She goes on to distinguish four types of reflexivity, arguing that one type tends to be dominant in any individual. The types give rise to:
- Community reflexives, who need confirmation from others before taking decisions and take their cue from ‘similars and familiars’ (they are reducing in numbers in rentier capitalism);
- Autonomous reflexives, who make their own decisions individually, strategically and with self-confidence (they are in their element in rentier capitalism);
- Meta-reflexives, who are value-oriented and in pursuit of better ways of living (they are coming into their own in rentier capitalism);
- Fractured reflexives, who are disorientated or lost and fall back on defensive non-committal behaviour – ‘disconnected fatalism’ (they are expanding in rentier capitalism.
In relation to structure, I have long argued in favour of what I call a class/command dynamic, which asserts that the most significant socio-structural shift in rentier capitalism has been a reinvigoration and extension of the influence of a tiny minority of global, nomadic ‘capital monopolists’ (major shareholders, financiers, bankers, asset-managers, CEOs etc) have over social, tax, employment, welfare, health policies introduced by national political elites representing the polity. This can be interpreted as an extension of Archer’s situational logic of competition int all spheres, and is most forcefully apparent in the expansion of rent into non-productive asset management.
Turning to culture, I have often used Lyotard’s distinction between ‘grand’ and ‘petit’ narratives to characterise the transition from welfare state to rentier capitalism. Archer’s analysis in terms of ‘variety upon variety’ may indeed open the door to a situational logic of opportunity, but:
- Contemporary culture can also be seen as a ‘cultural relativisation’, whereby longstanding European Enlightenment grand narratives around ‘progress’, for example through the development and refinement of capitalism or through socialism, have been displaced by a mosaic comprised of multitude of different, competing postmodern petit narratives.
- This has given rise to a new politics of identity, belonging and performativity anchored in – ‘different, competing’ – petit narratives. Postmodernism, I suggest, has not proved emancipatory, but is in some ways comparable to the disinhibition caused by an excess intake of alcohol.
- This shift to cultural relativisation and identitarian politics may not have direct structural origins, but it is highly functional for capital monopolists, the power elite of the state and their allies. This is because it makes rationally compelling challenges to the status quo and support for alternative ways of doing things difficult to promote (neoliberalism might be described as ‘the grand narrative at the end of grand narratives’).
These structural and cultural changes have impacted on the public sphere of the lifeworld and the exercise of its steering media, influence.

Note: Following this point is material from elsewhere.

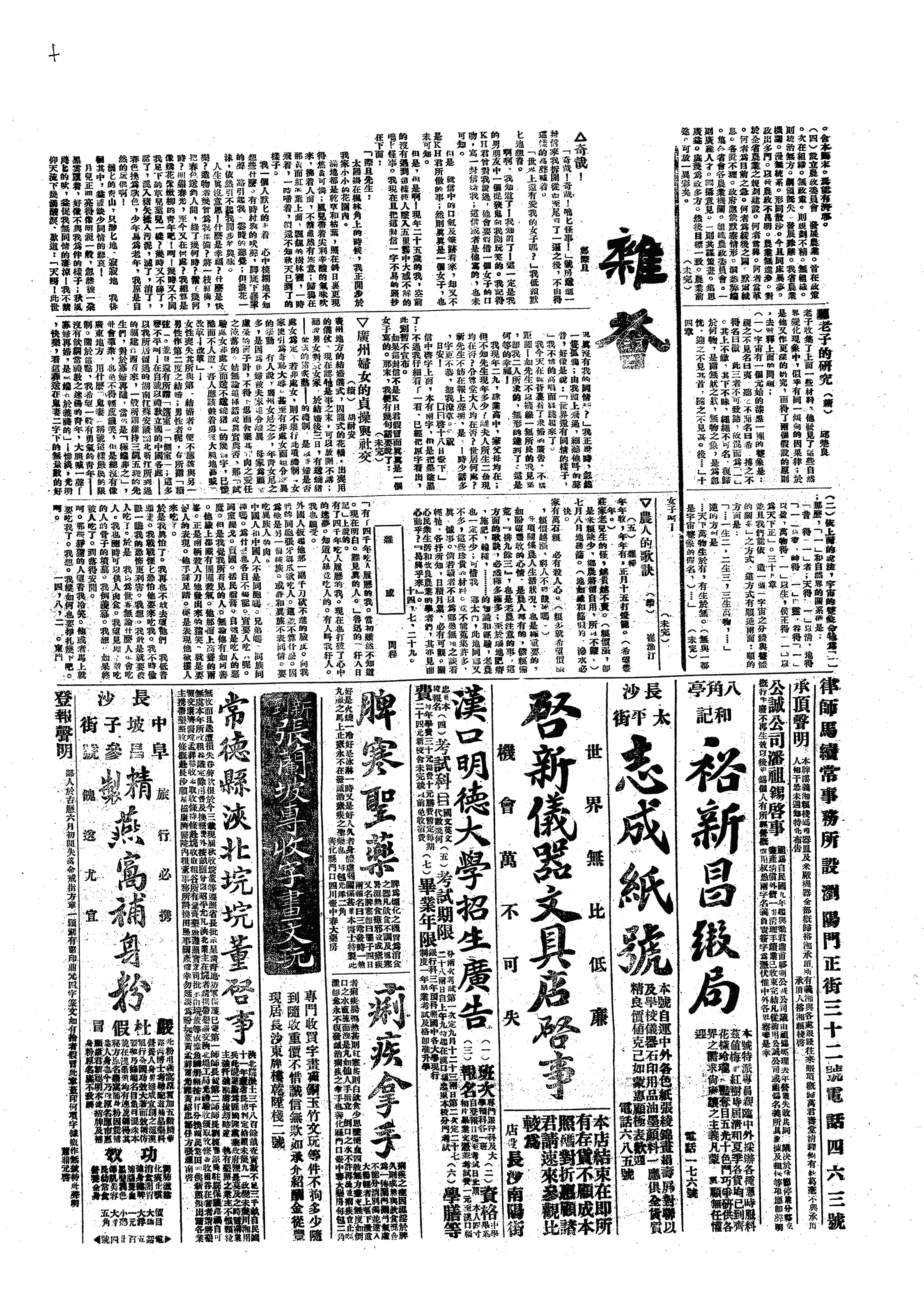 通电九澧广种杂粮度荒。电云:“天祸吾湘,歉岁迭遭,水灾甫已,旱灾踵至,秋收无望,后顾堪虑,与其非议于事后,不若挽救于事前。挽救之法,不外治标治本之法。治标则唯禁止装运,以及募捐施赈。治本则劝导乡民广种杂粮、豆麦疗饥,诚使杂粮丰获,亦足济民食,而免饥荒也。”

In this context, Aeron Davis’ discourse on ‘hybridity’ and ‘hybrid political actors’ is illuminating. Davis refers to a ‘fourth age of communication’, emphasising that the public sphere has been ‘digitally disrupted’ and is currently characterised by hybridity. Previous hierarchical structures, boundaries and gatekeeping have been displaced by four types of ‘hybrid political actor’:
- ‘Politician-publishers (self-promoting individuals who embrace both roles simultaneously and operate independently of party structures).

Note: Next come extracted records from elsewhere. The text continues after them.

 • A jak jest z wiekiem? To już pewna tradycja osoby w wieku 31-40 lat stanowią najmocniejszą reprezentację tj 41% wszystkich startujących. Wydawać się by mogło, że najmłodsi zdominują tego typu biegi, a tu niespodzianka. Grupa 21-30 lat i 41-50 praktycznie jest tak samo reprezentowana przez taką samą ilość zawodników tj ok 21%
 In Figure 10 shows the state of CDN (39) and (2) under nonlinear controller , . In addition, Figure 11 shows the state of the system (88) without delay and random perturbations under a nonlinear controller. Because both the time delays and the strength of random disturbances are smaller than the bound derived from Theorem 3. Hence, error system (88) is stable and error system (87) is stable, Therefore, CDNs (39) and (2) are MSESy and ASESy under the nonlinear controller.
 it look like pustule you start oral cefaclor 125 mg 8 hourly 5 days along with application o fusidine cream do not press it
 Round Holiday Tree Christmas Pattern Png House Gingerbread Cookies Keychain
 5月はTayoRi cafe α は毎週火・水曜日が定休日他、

- ‘Political pseudo news sites (online partisan and parasitic ‘news’ sites).
- ‘Celebrity politicians’ (people with a large social media following and ‘free-floating mega-brands’, but especially ‘business celebrity-politicians like Trump, Musk, Bezos etc).
- ‘Political flexions’ (people able to cross ‘flex net’ boundaries, like those ex-politicos with podcasts and in think tanks).
It is relevant here to also mention ‘astroterfing’, which has now entered political usage. This denotes the ‘deceptive’ practice of presenting an orchestrated marketing or public relations campaign in the ‘guise’ of unsolicited comments from members of the public. A recent and prominent example in the UK was Morgan McSweeney’s campaign under the aegis of (illegally funded) ‘Labour Together’ to get Jeremy Corbyn replaced by Keir Starmer as leader of the Labour Party (and later Prime Minister).
What this means for democracy, Davis contends, is that existing systems are converging towards hybridity, and that this represents a growing challenge to Western-style parliamentary democracies, not least via the reconstitution of the public sphere (from Habermas’ ‘refeudalisation’ to a form of ‘fragmentation’ advantageous to Archer’s situational logic of competition.
The issues I raised for discussion were along the following lines:
- How accurate and helpful sociologically is it to describe the public sphere as more fragmented in rentier than it was in welfare state capitalism?
- Does the proposition that a limited range of historical grand narratives have been succeeded by multiple petit narratives hold water?
- To what extent is it possible or advisable to see the globally ubiquitous ideology of neoliberalism as the ‘invisible’ grand narrative at the end of grand narratives?
- In relation to the theme of fragmentation, is this made manifest in epistemic, moral and emotional segmentation, leading to: (i) in-group empathy, and (ii) out-group hostility, as illustrated by phenomena like cancelling and new offences like hate crime?